Scientists in China have developed a learning artificial intelligence (AI) system which can diagnose and identify cancerous prostate samples as accurately as any pathologist. This holds out the possibility of streamlining and eliminating variation in the process of cancer diagnosis. It may also help overcome any local shortage of trained pathologists.
In the longer term it may lead to automated or partially-automated prostate cancer diagnosis. Prostate cancer is the most common male cancer, with around 1.1 million diagnoses ever year. Confirmation of the diagnosis normally requires a biopsy sample, which is then examined by a pathologist. Now an artificial intelligence learning system, presented at the European Association of Urology Congress in Copenhagen, has shown similar levels of accuracy to a human pathologist. In addition, the software can accurately classify the level of malignancy of the cancer, so eliminating the variability which can creep into human diagnosis.
“This is not going to replace a human pathologist. We still need an experienced pathologist to take responsibility for the final diagnosis.

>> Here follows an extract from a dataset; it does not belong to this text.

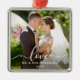 Kärlek Elegant Script Bröllop Photo Mr. och Mrs. Julgransprydnad Metall
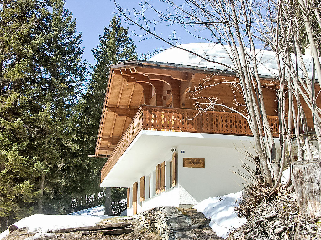 Grosses Chalet "Arpille", umgeben von Bäumen. Am Ortsrand, 400 m vom Zentrum, ruhige, sonnige Lage, im Grünen. Zur Alleinbenutzung: Garten, Parkplatz beim Haus. Einkaufsgeschäft, Restaurant 400 m, Thermalbad "Anzère Spa & Wellness" 500 m.

What it will do is help pathologists make better, faster diagnosis, as well as eliminating the day-to-day variation in judgement which can creep into human evaluations,” said Hongqian Guo from Nanjing University in China. The researchers took 918 prostate whole mount pathology section samples from 283 patients, and ran these through the analysis system, with the software gradually learning and improving diagnosis.
These pathology images were subdivided into 40,000 smaller samples; 30,000 of these samples were used to ‘train’ the software, the remaining 10,000 were used to test accuracy. The results showed an accurate diagnosis in 99.38 per cent of cases (using a human pathologist as a ‘gold standard’), which is effectively as accurate as the human pathologist. “The system was programmed to learn and gradually improve how it interpreted the samples. Our result show that the diagnosis the AI reported was at a level comparable to that of a pathologist,” Guo said. “Furthermore, it could accurately classify the malignant levels of prostate cancer,” Guo added.